The :align-to of the padding between candidate and annotation can only be
calculated by adding the prefix column width, calculated from the longest
prefix width, the candidate width, calculated the same way, and the suffix
column width minus the pixel width of the suffix. The reason for this is
that `string-pixel-width` will be called on all of these concatenated
strings, and the maximum of which will be given as the width to a function
to render the child frame. This also answers your next question, yes the
pop up width is already calculated dynamically, but against a max width,
this is what I mean by "confined", hence the need for truncation before
blitzing the strings to a child frame. :align-to (- right suffix-width)
will lead `string-pixel-width` to return a ridiculously large number that,
funnily enough, is calculated from the current window's text area width,
instead of the child frame's window, of which the size is unknown at this
time.

As to the reason for a max width, let's just say there exists language
servers such as Rust Analyzer, that will return the signature of a function
as the completion annotation, which can be quite long. Nobody wants their
completion pop up box taking up half the screen.

Of course, one can also adjusts the child frame parameters to let it deal
with min/max size, margins and allow the user to resize, but the
beautifully emulated scroll bar will have to be sacrificed because either I
delete it from Corfu or the window will start truncating from the scroll
bar when the user resizes the window to be smaller than the content width.

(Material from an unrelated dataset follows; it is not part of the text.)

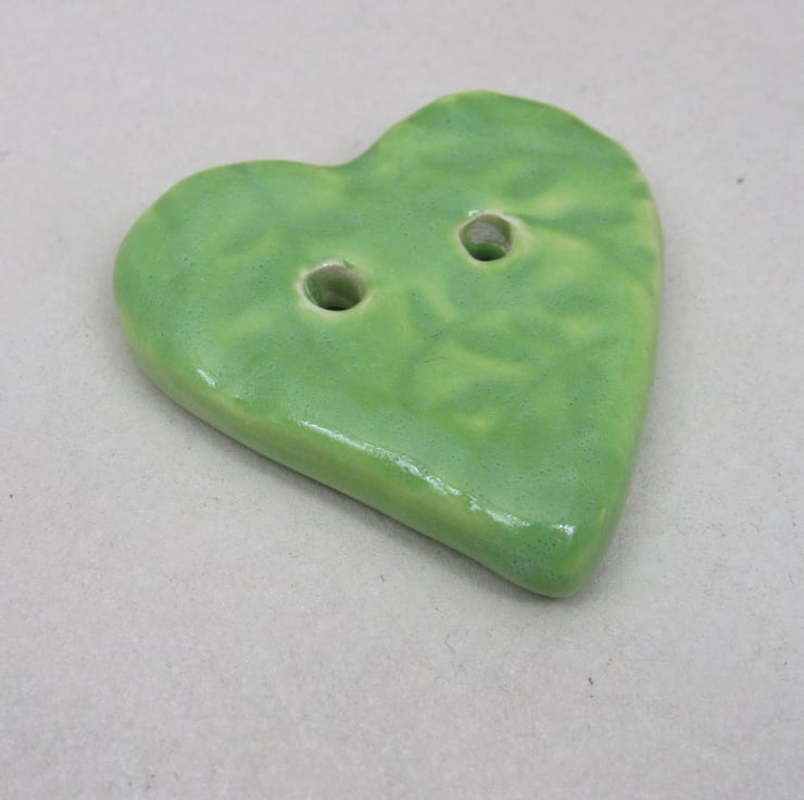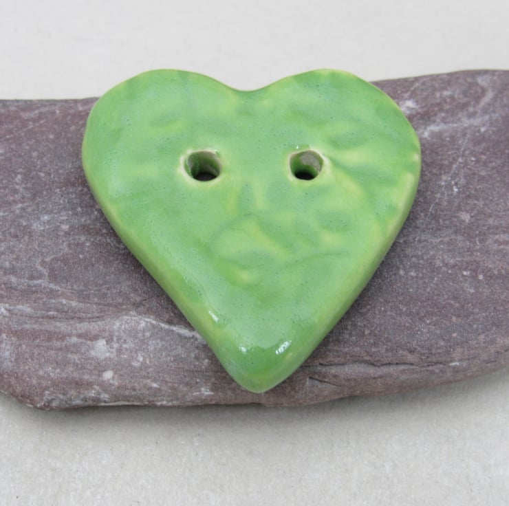 Medium heart shaped stoneware button, textured with a delicate leaf motif.

> > There are 2 options - `truncate-string-to-width`, which is
> > bugged, or set the `truncate-line` buffer local to t and let Emacs'
> window system do its magic, which will be
> > performant and correct, and I can even replace the arrow in an ellipsis,
> but truncation will start to truncate off
> > the emulated scroll bar.
>
> You assumed something I didn't say and didn't have in mind.  There
> should be no need to use truncate-lines.
>

I didn't assume anything. It's just a logical conclusion. Do you have it in
mind now?

This is not about refusal.  It isn't like what you are asking is easy

to do, and the "Emacs devs" are just a lazy bunch.  I looked at the
> code involved, and I currently have no idea how to implement what you
> have in mind so that it works in all the cases, those which you
> mentioned and those you didn't, and works in a way that will be useful
> for Lisp programs.  You may think it's easy, but it isn't.  Some
> things are even conceptually not simple, for example whether it is
> okay or not to break a string between U+1F3C2 and the following
> U+1F3FF, and if so, how to discover that subject to how the current
> character-composition machinery in Emacs was designed and implemented.
>

You already have `string-glyph-split` which works correctly, (a job well
done BTW, even more comformant than Chrome and Webkit). There are only 3
things you need to do for a hypothetical `glyph-pixel-width`:
1. With no faces, find the width of a character glyph from the default font
or whatever `char-displayable-p` returns. This is easy, I can already do
this from Elisp reasonably fast by going straight to the terminal using
`composite-get-gstring`.
2. With faces, resolve the font from the faces, go to 1. Still no need
to deal with windows. Can be done correctly in Elisp, but incredibly slowly
due to anon faces, face lists and having to go through the recursive
`face-attribute-merged-with`. The logic in `face-attribute-merged-with` can
be duplicated and modified to deal with anon faces, and run iteratively,
but still a few orders of magnitude slower than it needs to be.
3. Display properties is when you start to need a window, as a first try,
you can delegate this back to the current slow path via
`window-text-pixel-size`.

1 and 2 will be the vast vast majority of the use case. It's okay to be
slower for 3 due to the involvement of a window.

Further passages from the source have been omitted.